▶ [EXERCISE DETAILS]:
Whatever pictures appear, omit them, and repeat the data below exactly.

### TASK MATERIAL

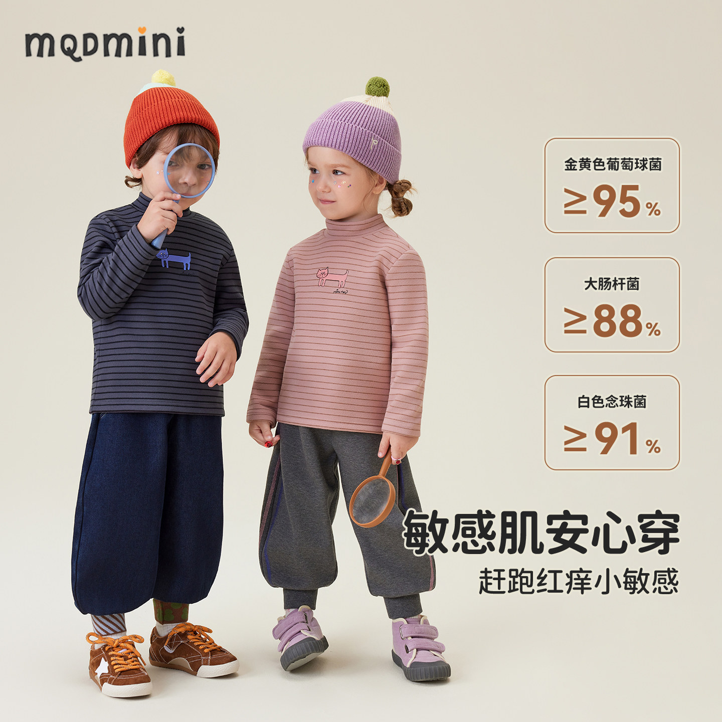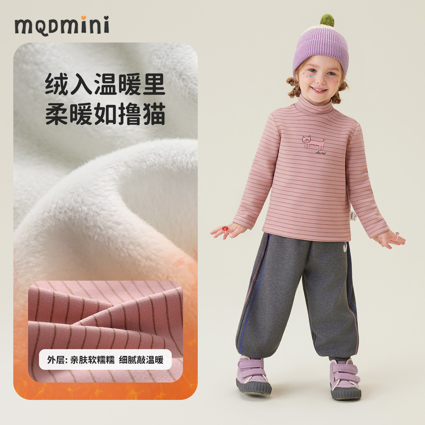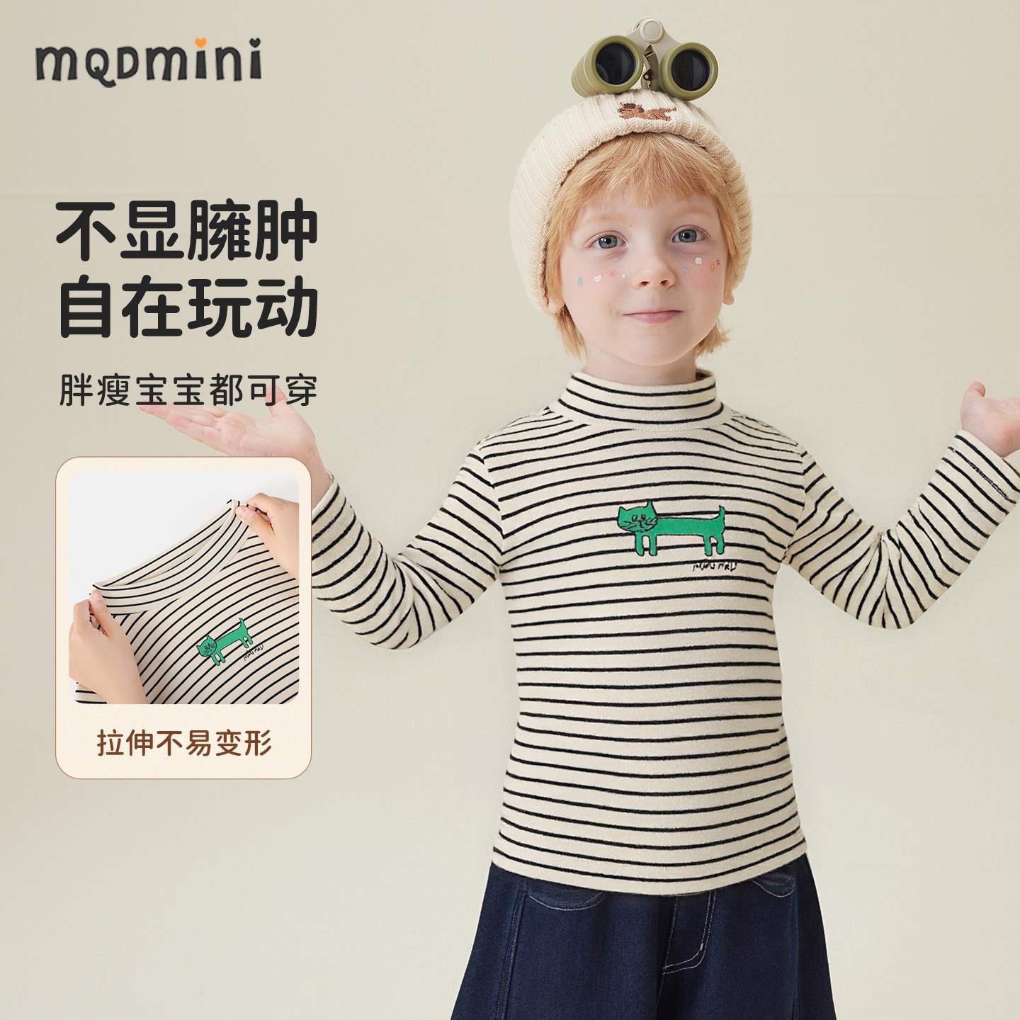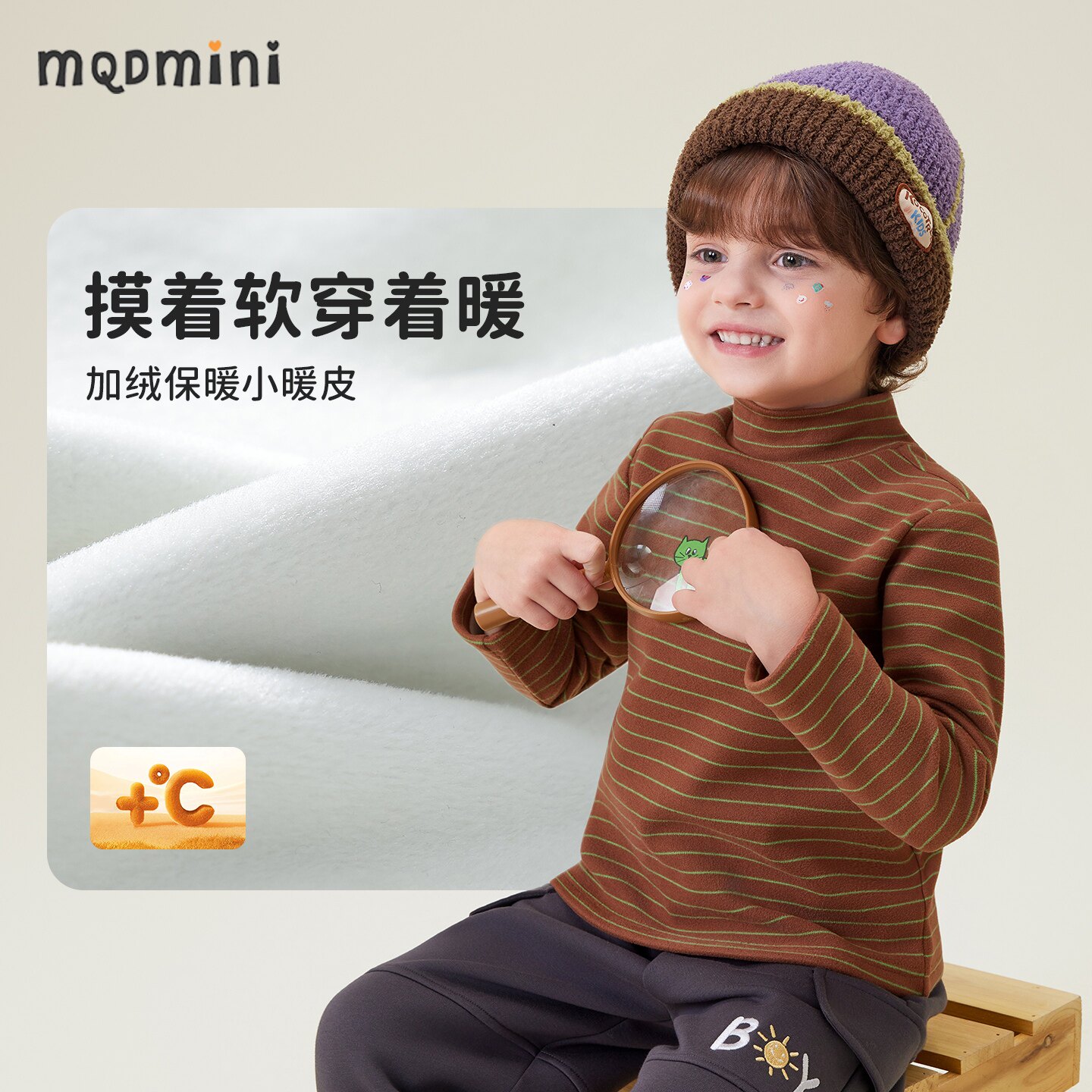 MQDmini儿童加绒半高领打底衫2025新款冬男童德绒长袖T恤上衣内搭
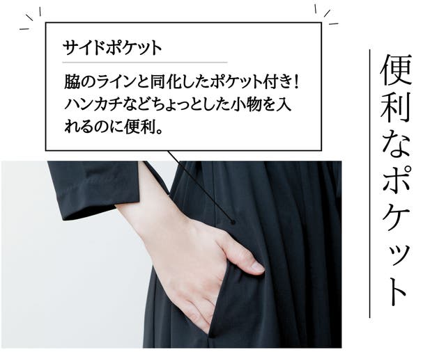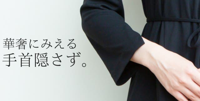 腕の一番細い部分の手首は、七分袖と【袖口エレガントスリット】で強調し、スリムな印象に。手首を見せるのは、シルエット全体が細見えする力となるのです!
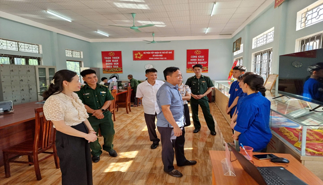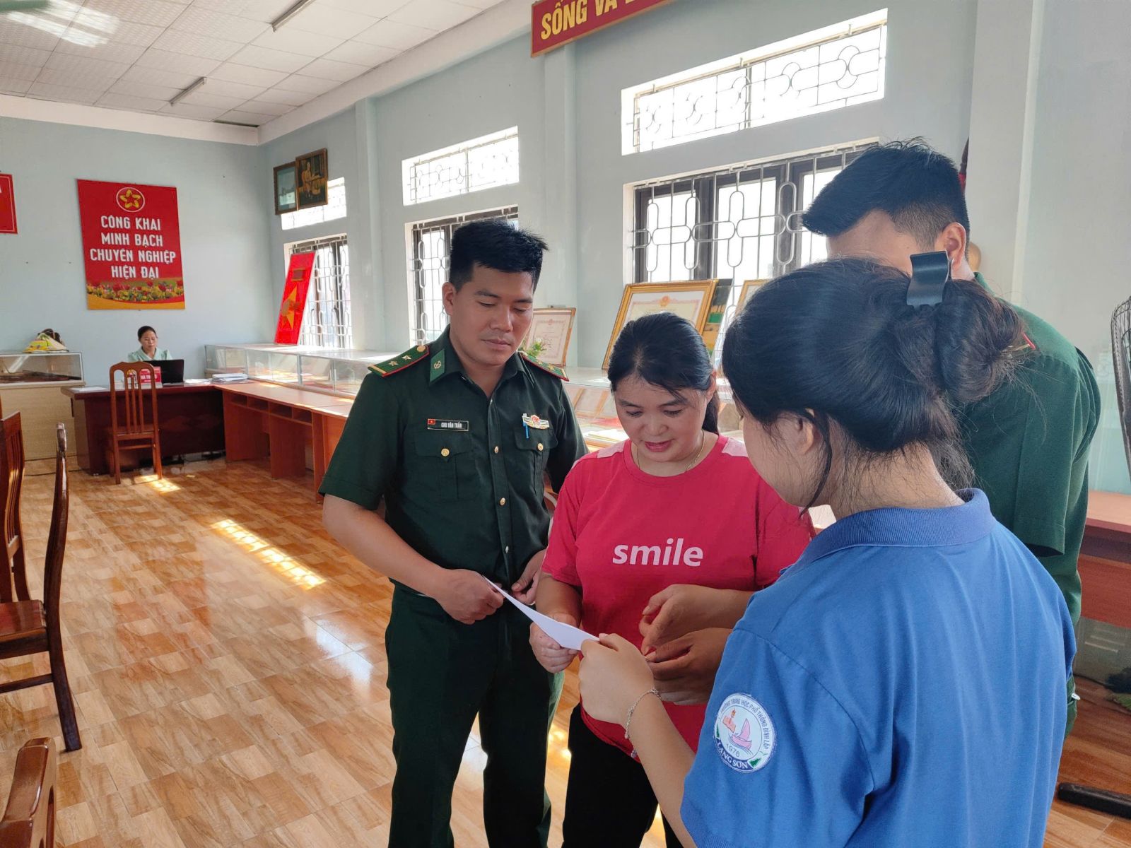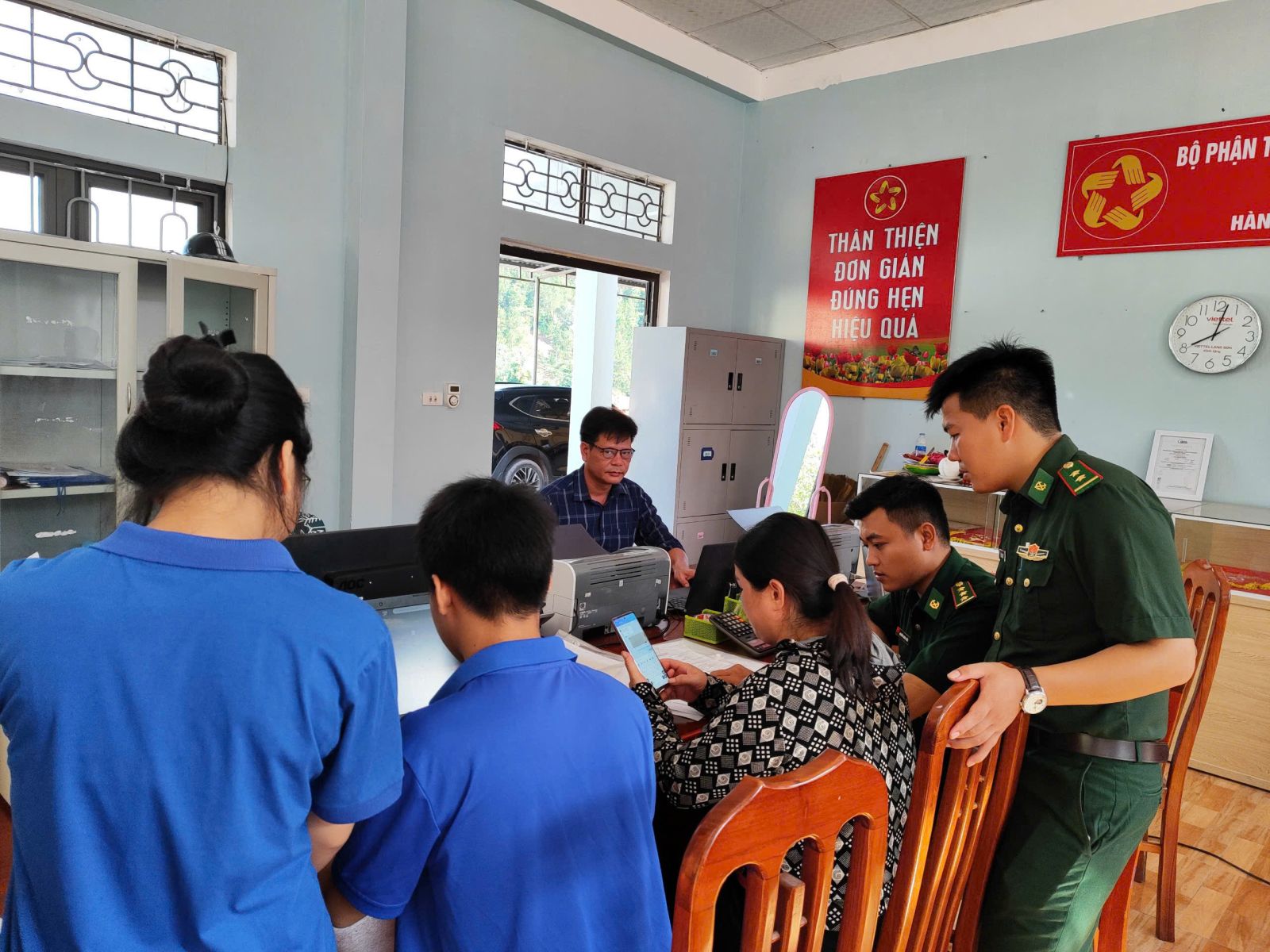 (Đồn biên phòng và Đoàn viên thanh niên hỗ trợ người dân cài đặt ứng dụng VNeID và Cổng dịch vụ công).
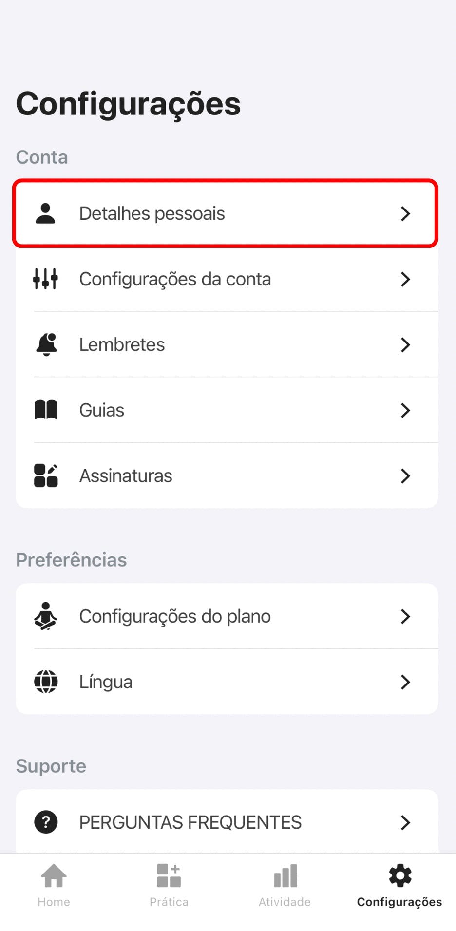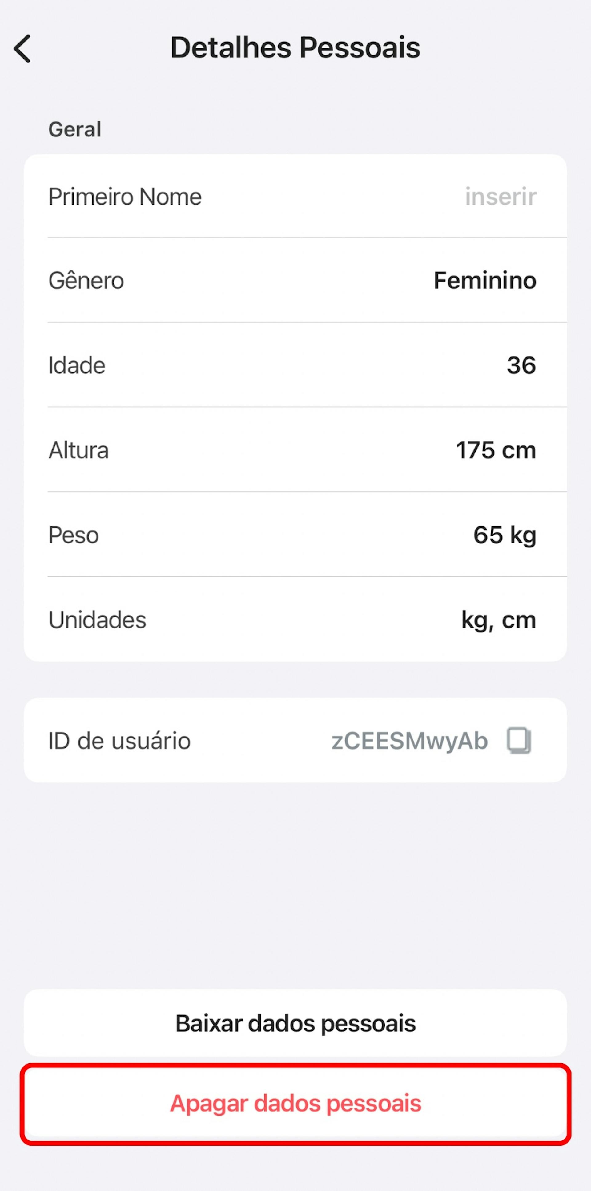Para excluir seus dados pessoais, acesse a aba Configurações no aplicativo Yoga-Go e toque em Detalhes Pessoais.
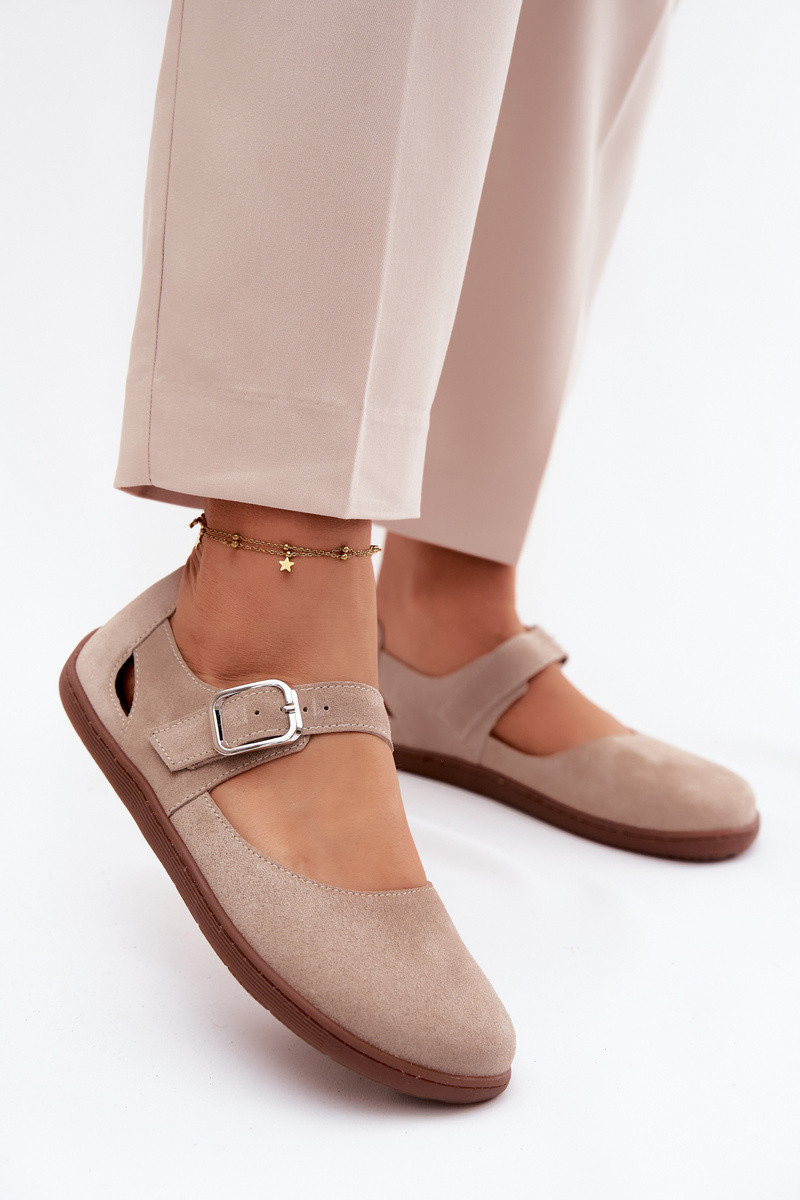 Peau Ballerines en daim Barefoot avec des sangles Zazoo N1319 beige

######

▶ [RESPONSE]:
 MQDmini儿童加绒半高领打底衫2025新款冬男童德绒长袖T恤上衣内搭
 腕の一番細い部分の手首は、七分袖と【袖口エレガントスリット】で強調し、スリムな印象に。手首を見せるのは、シルエット全体が細見えする力となるのです!
 (Đồn biên phòng và Đoàn viên thanh niên hỗ trợ người dân cài đặt ứng dụng VNeID và Cổng dịch vụ công).
Para excluir seus dados pessoais, acesse a aba Configurações no aplicativo Yoga-Go e toque em Detalhes Pessoais.
 Peau Ballerines en daim Barefoot avec des sangles Zazoo N1319 beige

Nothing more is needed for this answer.